| WHAT NEEDS TO BE DONE |
The exercise calls for exact output of the lines between the one that contains "ただ、海は繋がっているため、" and the end of the data, with both ends kept and pictures left out.

| EXERCISE MATERIAL |
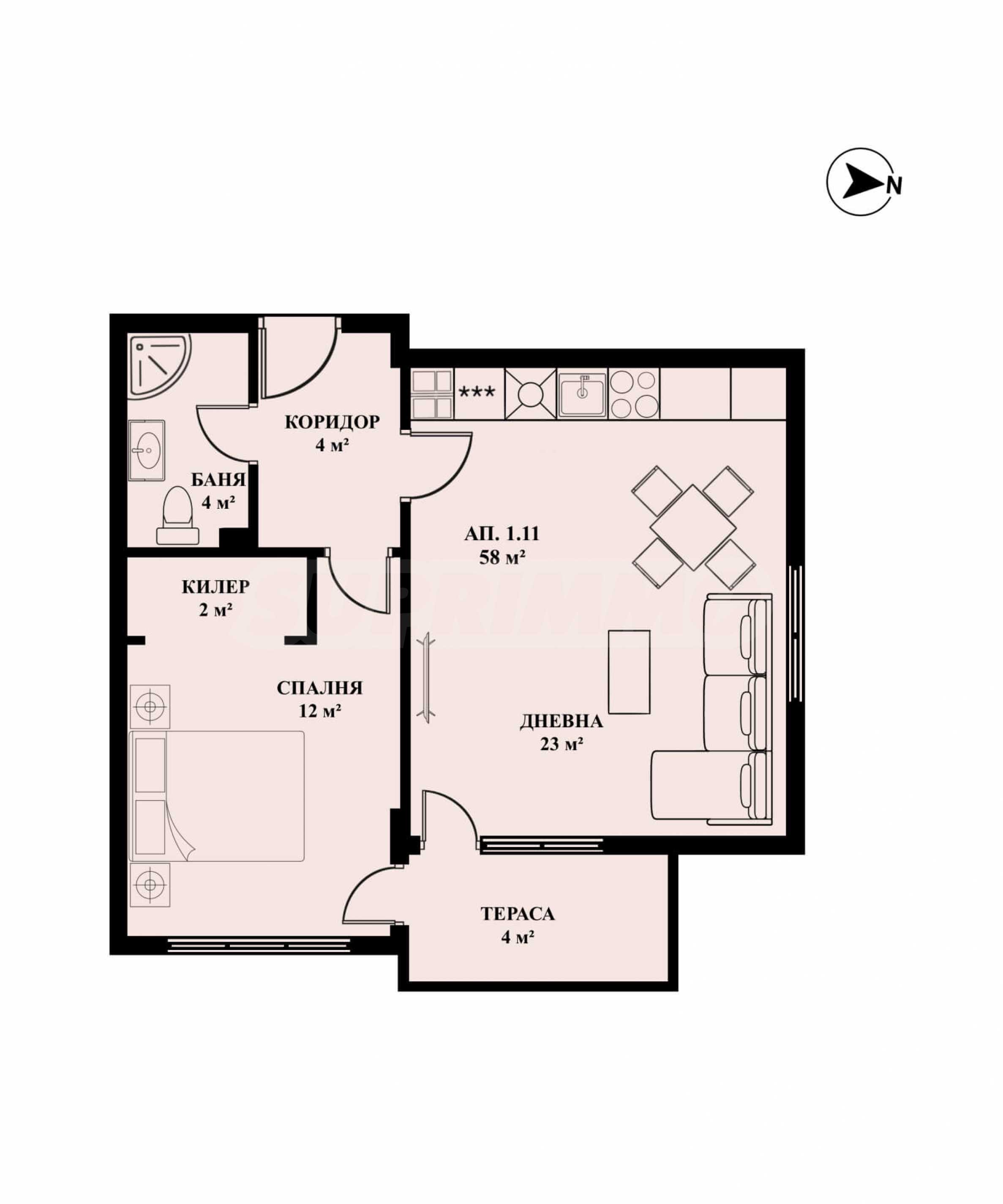 The apartment is located on the 3rd floor out of a total of 4, offers an east/south exposure and a total area of 65.47 m2 (net residential - 58.06 m2, common parts - 6.51 m2). It consists of a living room with a kitchenette, a bedroom, a bathroom with a toilet, a terrace.
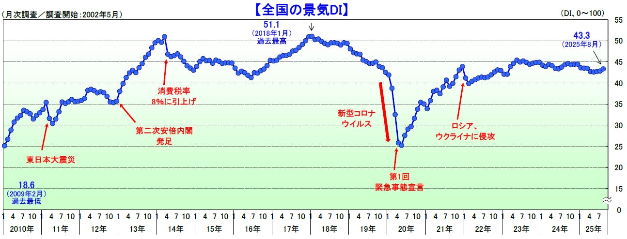 1. 2025年8月の景気DIは前月比0.5ポイント増の43.3となり、3カ月連続で改善した。国内景気は、米国の関税政策に不確定要因が残るものの、猛暑による川上から川下までの特需や全国の建設需要がけん引し、上向き傾向が続いた。今後の国内景気は、実質賃金の行方を見極めつつ、当面は横ばい圏での推移が見込まれる。
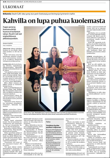 The illustration portrait above is of Sam-Solicitor, Sarah-Funeral Director & Ruth-Priest who recently held a Death Café meeting in Fleet, Hampshire and who are planning to hold a new meeting next Spring.
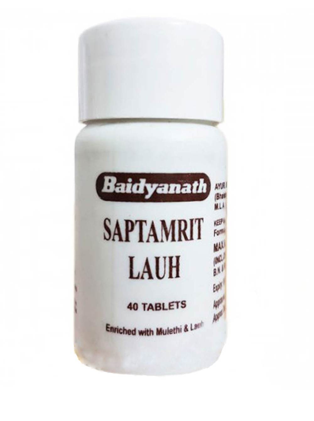 Саптамрит Лаух - эффективная расаяна, он эффективен при анемии, омолаживает организм. Кроме заболеваний глаз, препарат используется для лечения заболеванияй органов слуха, горла, десен и зубов. Он так же способен улучшить цвет волос, особенно при преждевременной седине. Саптамрит Лаух рекомендуется при повышенной кислотности и боли в животе.
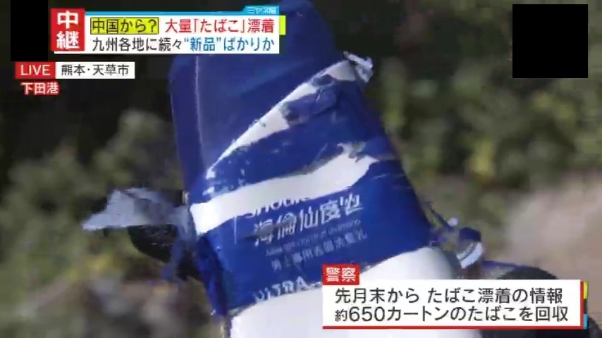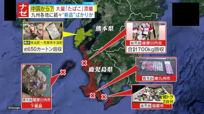 ただ、海は繋がっているため、『ミヤネ屋』は天草市から南の東シナ海に面した自治体を取材。すると、苓北町・天草市の650カートンを皮切りに、鹿児島県では薩摩川内(さつませんだい)市内だけでなく、下甑島(しもこしきしま)でも。南九州市では1644箱、指宿市では軽トラの荷台いっぱいのタバコを地元の役場が回収していることが判明しました。
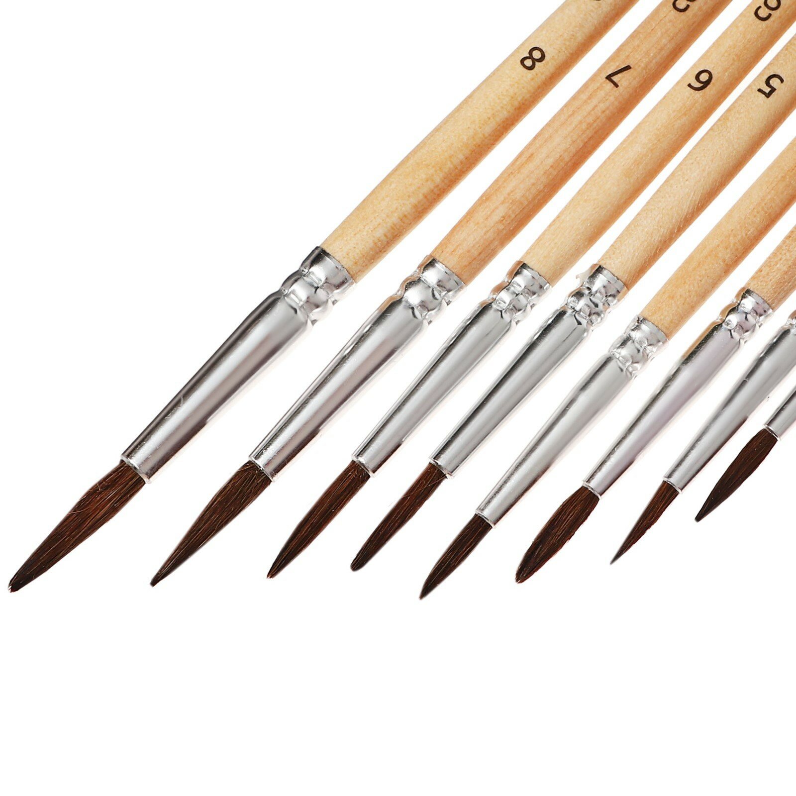 Купить Набор кистей круглых №1,2,3,4,5,6,7,8 для рисования красками, кисточки из натурального ворса белки с деревянными ручками, канцелярия для школы и творчества, 8 штук

| EXERCISE SOLUTION |
 ただ、海は繋がっているため、『ミヤネ屋』は天草市から南の東シナ海に面した自治体を取材。すると、苓北町・天草市の650カートンを皮切りに、鹿児島県では薩摩川内(さつませんだい)市内だけでなく、下甑島(しもこしきしま)でも。南九州市では1644箱、指宿市では軽トラの荷台いっぱいのタバコを地元の役場が回収していることが判明しました。
 Купить Набор кистей круглых №1,2,3,4,5,6,7,8 для рисования красками, кисточки из натурального ворса белки с деревянными ручками, канцелярия для школы и творчества, 8 штук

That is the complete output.